← Back to Archived sites

Saving manuscripts.kb.nl to the Wayback Machine

Latest update: 28-04-2026

About

manuscripts.kb.nl - the Medieval Illuminated Manuscripts (Middeleeuwse Verluchte Handschriften / MVH) database of the KB, National Library of the Netherlands - was shut down on 15 December 2025.

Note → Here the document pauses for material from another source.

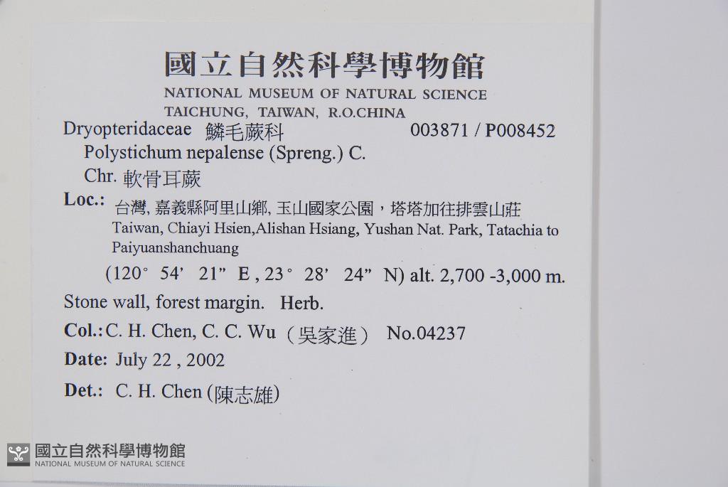 Scientific Name: Polystichum nepalense (Spreng.) C. Chr.

Screenshot of manuscripts.kb.nl homepage
Screenshot of manuscripts.kb.nl homepage, December 2025

Before the site went offline, the KB spidered and archived a representative sample of its URLs to The Wayback Machine (WBM) during 10-14 December 2025.

Results & URL spreadsheet

Screenshots

Each pair shows the original manuscripts.kb.nl page (left) and the same URL as captured in the Wayback Machine (right, with the WBM toolbar visible at the top). The original site is no longer available per 15 December 2025.

Homepage

Original (defunct)Wayback Machine
manuscripts.kb.nl homepage, originalmanuscripts.kb.nl homepage, as archived in Wayback Machine on 11-12-2025

Introduction

Original (defunct)Wayback Machine
manuscripts.kb.nl Introduction page, originalmanuscripts.kb.nl Introduction page, as archived in Wayback Machine on 11-12-2025

Manuscript detail page (10 A 11)

Original (defunct)Wayback Machine
manuscripts.kb.nl manuscript detail page for 10 A 11, originalmanuscripts.kb.nl manuscript detail page for 10 A 11, as archived in Wayback Machine on 13-12-2025

Images and description (10 A 11)

Original (defunct)Wayback Machine
manuscripts.kb.nl image gallery with text for 10 A 11, originalmanuscripts.kb.nl image gallery with text for 10 A 11, as archived in Wayback Machine on 12-12-2025

Shelfmark index

Original (defunct)Wayback Machine
manuscripts.kb.nl shelfmark index, originalmanuscripts.kb.nl shelfmark index, as archived in Wayback Machine on 14-12-2025

How manuscripts.kb.nl got into the Wayback Machine

1. Spidering the site

Unlike mmdc.nl, manuscripts.kb.nl was a server-rendered site, so a straightforward HTTP crawler could discover all URLs. A custom spider was built, see the _spider-artifacts/ folder:

  1. Seed URLs — homepage, introduction, background, advanced search, and all 9 index pages (shelfmark, author/title, place, language, iconclass, image type, miniaturist, has part, title/image).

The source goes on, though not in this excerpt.